Associated with each estimated parameter, GenStat gives a standard error (details of the calculation of which need not concern us now) and hence a t-statistic (estimate divided by standard error) to be compared with the distribution on d.f. (Residual)
=27 degrees of freedom. GenStat makes the comparison and gives p values, which in this case are all very small, suggesting strong evidence for the non-zeroness (and hence presence) of each parameter, \(\alpha\), \(\beta_1\) and \(\beta_2\), individually.

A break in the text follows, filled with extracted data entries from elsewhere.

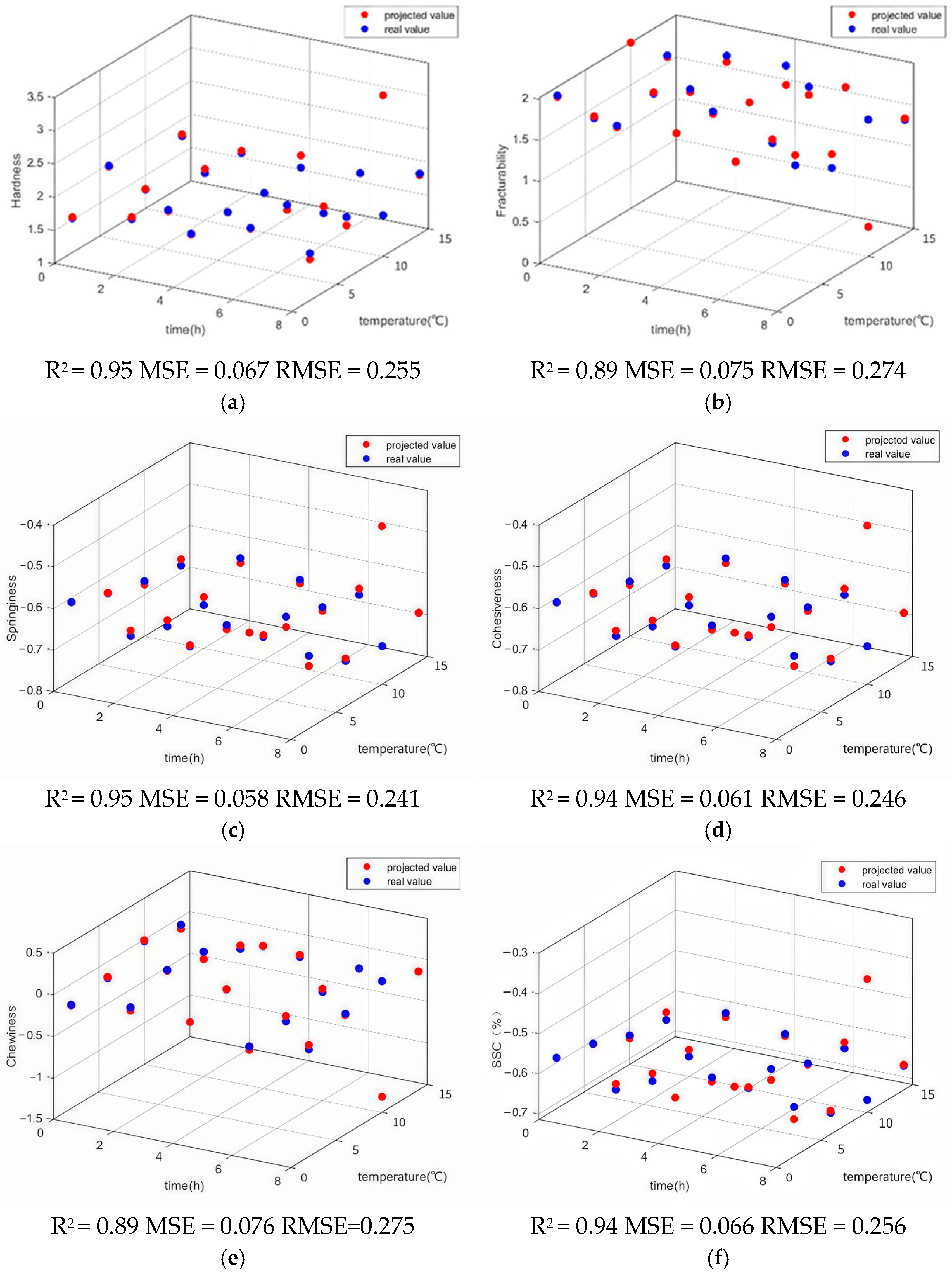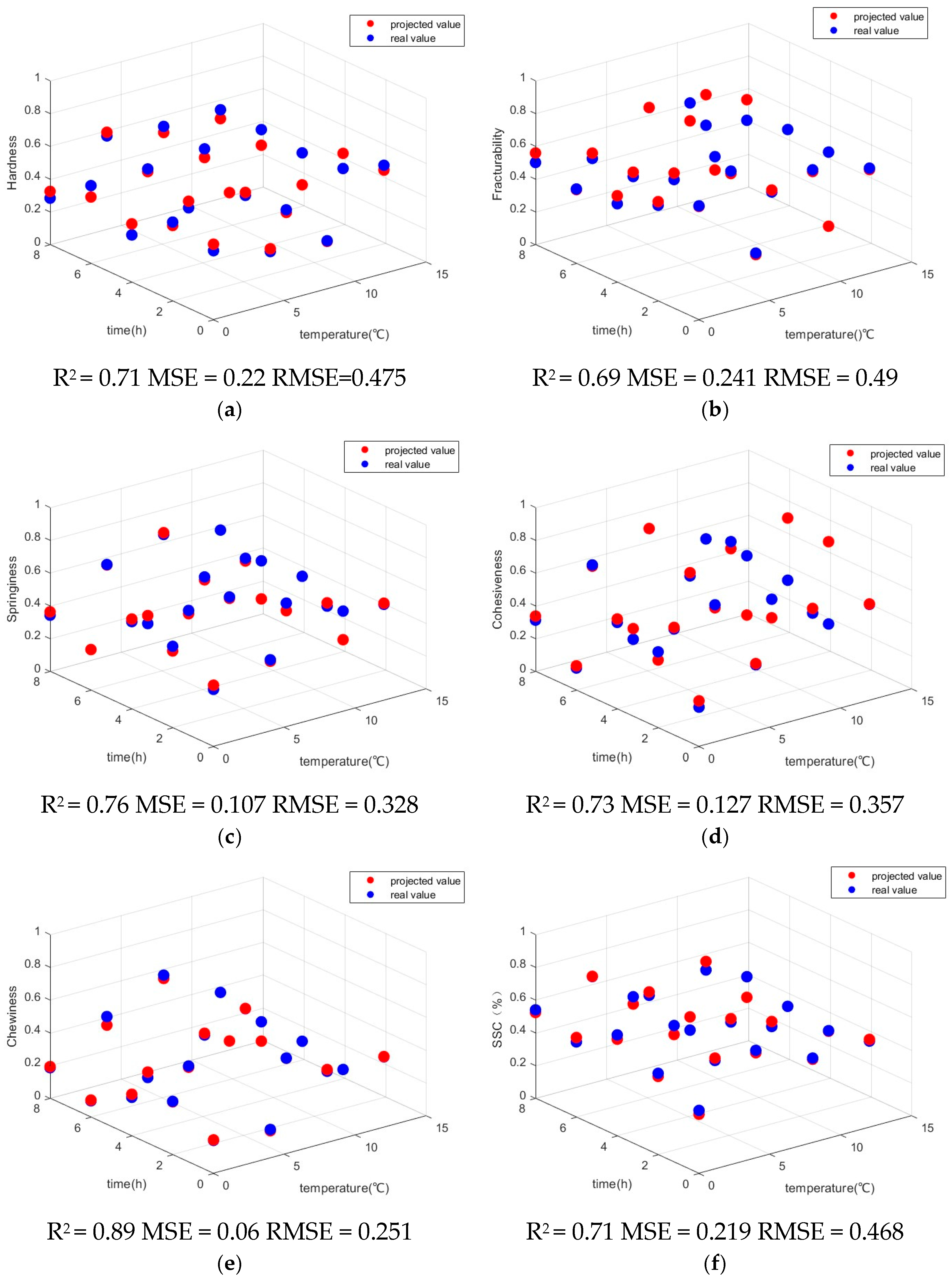 The predicted values and actual values of fresh goji berry by the neural network. (a) Correlation coefficients and mean squared errors for goji berry hardness; (b) correlation coeffi-cients and mean squared errors for goji berry fracturability; (c) correlation coefficients and mean squared errors for goji berry springiness; (d) correlation coefficients and mean squared errors for goji berry cohesiveness; (e) correlation coefficients and mean squared errors for goji berry chewiness; (f) correlation coefficients and mean squared errors for goji berry SSC.
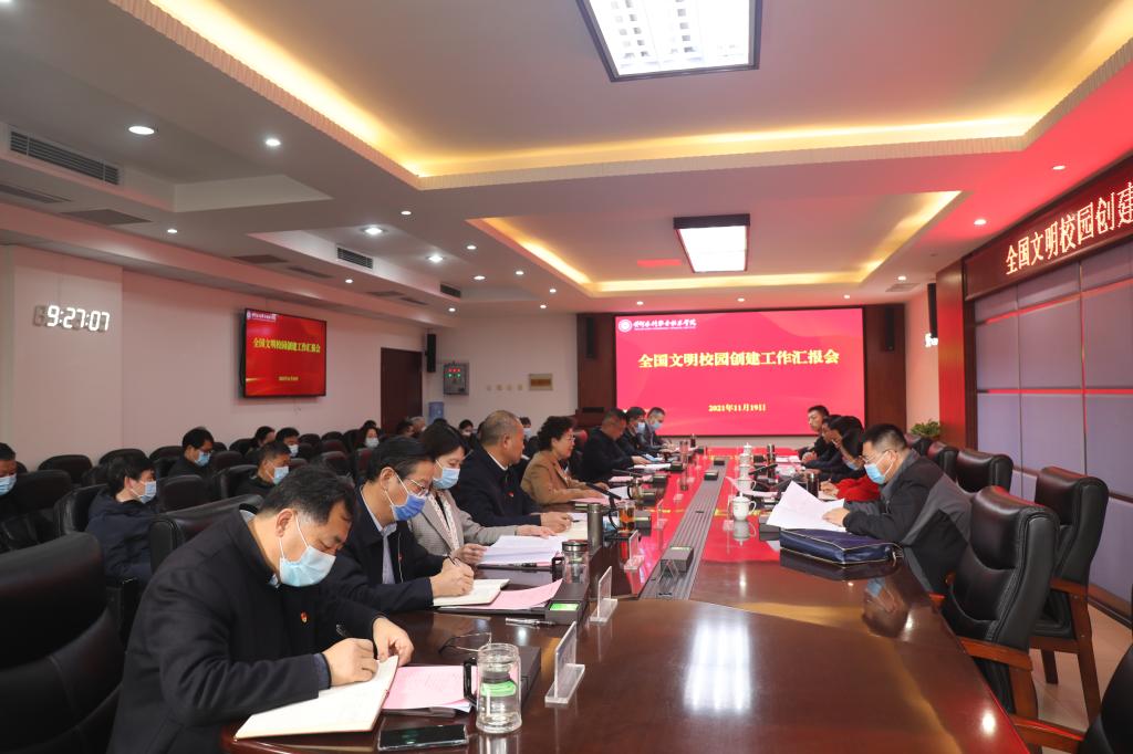 党委副书记、工会主席杨士恒从突出立德树人,筑牢思想坚实根基;强化班子建设,夯实发展组织保证;强化师德师风建设,提升教书育人能力;强化以文化人,浓厚文化育人氛围;加强环境建设,营造优美育人环境;严格阵地管理,筑牢防线抵御渗透等6个方面详细汇报了我校2021年度全国文明校园创建工作开展情况。
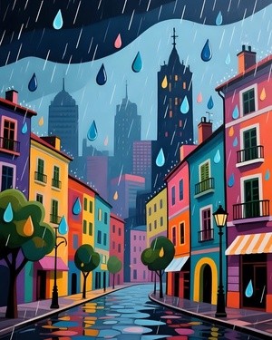 Colorful Rainy Cityscape

So, even though the single regression of abrasion loss on tensile strength did not suggest a close relationship, when taken in conjunction with the effect of hardness the effect of tensile strength is also a considerable one. A key idea here is that \(\beta_1\) and \(\beta_2\) (and more generally \(\beta_1, \beta_2, \ldots , \beta_k\) in model (5.1)) are partial regression coefficients. That is, \(\beta_1\) measures the effect of an increase of one unit in \(x_1\) treating the value of the other variable \(x_2\) as fixed. Contrast this with the single regression model \(E(Y) = \alpha + \beta_1 x_1\) in which \(\beta_1\) represents an increase of one unit in \(x_1\) treating \(x_2\) as zero. The meaning of \(\beta_1\) in the regression models with one and two explanatory variables is not the same.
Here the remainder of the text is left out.